Apart from the obligatory mealtime prayer, I heard no mention of either religion or politics. I had pleasant and casual conversation with my Mom’s sisters about books, Tim3P0 and I geeked out with a cousin about the rocket sled on Mythbusters (which is still blowing my mind, btw), the food was indeed awesome, and we basically had a great time. I hope this isn’t a fluke.
Ever since, I’ve been thinking about what’s changed. I think it comes down to critical mass. As the members of my generation have begun to come of age and bring new significant others (I have to say, I was ecstatic to see two of my cousins accompanied by punk-rock-looking, pierced girlfriends) and spouses into the family, we’ve started to diversify a bit. I’m no longer the only non-Catholic, and I think we’ve reached a point where they can’t be sure who agrees with them and who doesn’t, so they tend to keep things light and relatively secular in this relatively new influx of mixed company. I hope the trend continues, because I think it’s important to be exposed to many different kinds of people. It expands our in-group, and I think it makes us better human beings. Plus, I really like hanging out with my family, and look forward to getting to know more about them in other ways than their religious views.

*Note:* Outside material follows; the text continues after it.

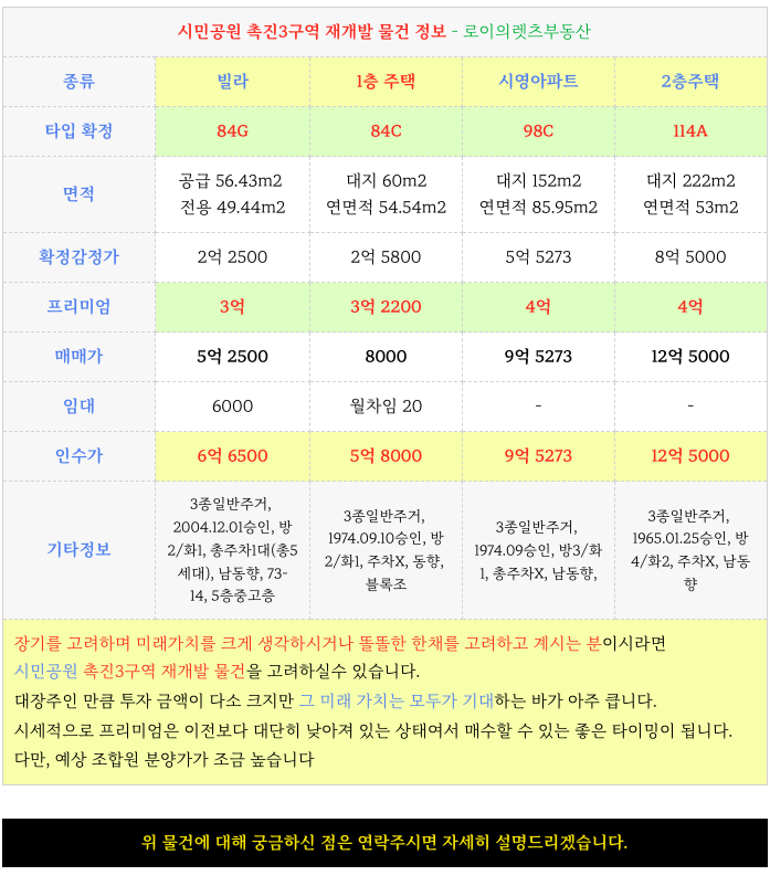 내륙대장 촉진3구역 재개발 관처총회준비 & 각 타입별 매물 정보

So what does all this self indulgent spouting have to do with the skeptical movement? Well, I’ve noticed some things lately that are making me think we’re approaching a similar critical mass in society at large. Maybe I’ve got my rose-colored glasses on, but it seems like we’re starting to get noticed, and I think we’re starting to make a difference. Due in large part, I think, to the visibility of the New Atheist movement, more and more nonbelievers are realizing that they aren’t alone, and they’re getting together and speaking out with a confidence few had known previously. Many of these people are also skeptics, who, prior to being exposed to the online atheist community, didn’t realize that there was also a community of skeptics. I am one of them. These are my biased perceptions, of course, and I may be completely off base, but I think it would be interesting to look at the numbers.
What does this mean, and why bring it up at all? Well, I think it’s good to see some progress for all our hard work; it keeps us going. There is still a hell of a lot of bullshit out there, and I don’t delude myself that it will ever be gone entirely, but we are an ever growing force in the battle for reason, and that makes me very hopeful.
So keep speaking up, and writing, and activism-ing, and thinking, and living, and building up to that critical mass which will make us impossible to ignore.